▶ [PROBLEM TO SOLVE]
Starting with the line that contains "2026. január 13.", repeat each line exactly through the final line of the listing. No picture should appear in the copy.

▶ [SOURCE DATA]
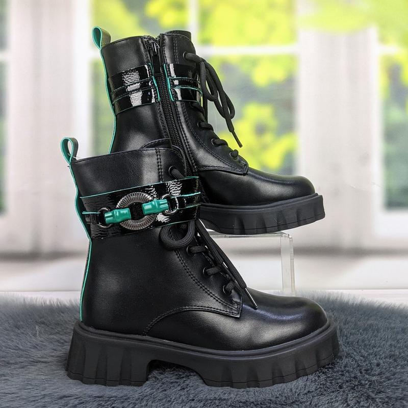 Ботинки зимние детские для девочки черные с зеленым Paliament 5481 Верх - качественная эко кожа Подкладка - мех шерстяной Подошва ПВХ. Высота подошвы 2-3,5 см Застежка - шнурки + боковая молния Высота от пятки 12 см Для выбора своего размера, смотрите размерную сетку на данную модель: 32р - 20,2 см 33р - 21 см 34р - 21,5 см 35р - 22 см 36р - 23 см 37р - 23,5 см Перед оформлением заказа уточняйте наличие размера!!! Замеры стельки делаем сами, вручную. Отправка Новой или Укрпочтой. Оплата осуществляется на карту Приват банка, или наложенным платежом, с минимальной предоплатой на доставку. Или же можете воспользоваться безопасной оплатой через Шафу.
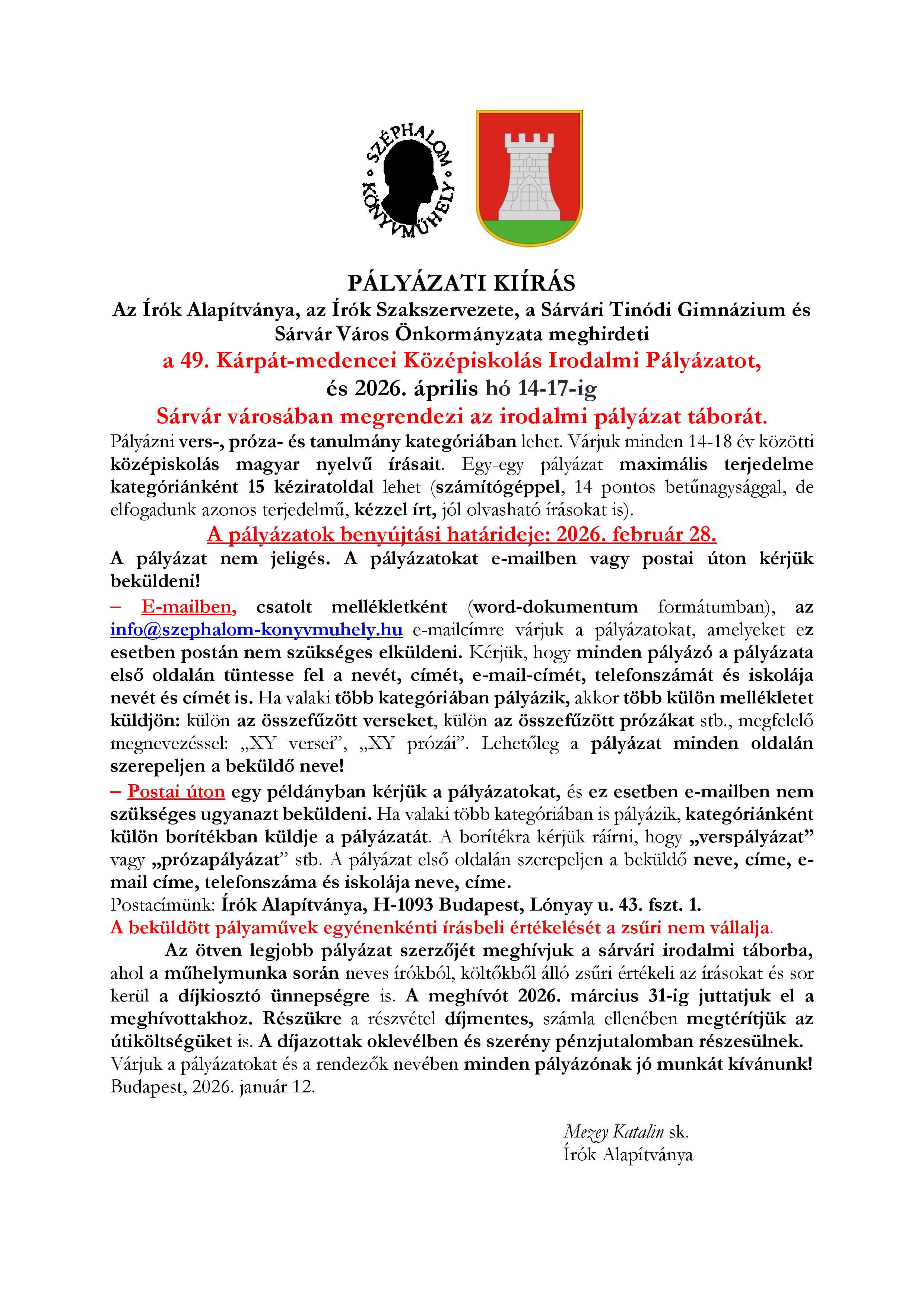 https://www.sarvaritinodi.hu/sites/default/files/2026-01/P%C3%81LY%C3%81ZATI%20… Címkék Diákírók, diákköltők találkozója 2026. január 13.
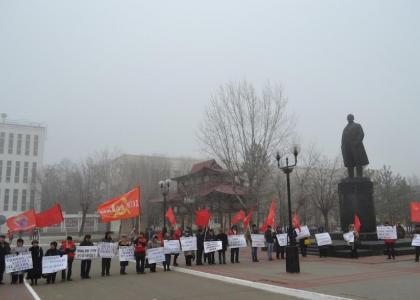 время пикета шел сбор подписей в поддержку ФЗ «О детях войны», раздавались листовки и газета «Коммунист Калмыкии».
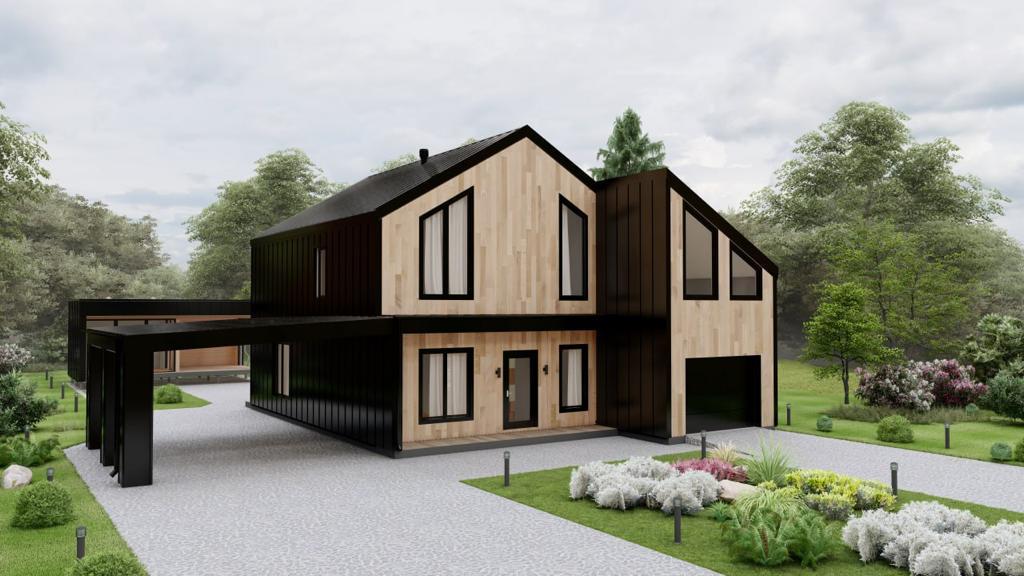 — материал готов для монтажа стен и укомплектован по проекту. В данном случае дом полностью готов к сборке стен, перегородок, а также каркаса межэтажного перекрытия.

▶ [REPLY TO THE TASK]
 https://www.sarvaritinodi.hu/sites/default/files/2026-01/P%C3%81LY%C3%81ZATI%20… Címkék Diákírók, diákköltők találkozója 2026. január 13.
 время пикета шел сбор подписей в поддержку ФЗ «О детях войны», раздавались листовки и газета «Коммунист Калмыкии».
 — материал готов для монтажа стен и укомплектован по проекту. В данном случае дом полностью готов к сборке стен, перегородок, а также каркаса межэтажного перекрытия.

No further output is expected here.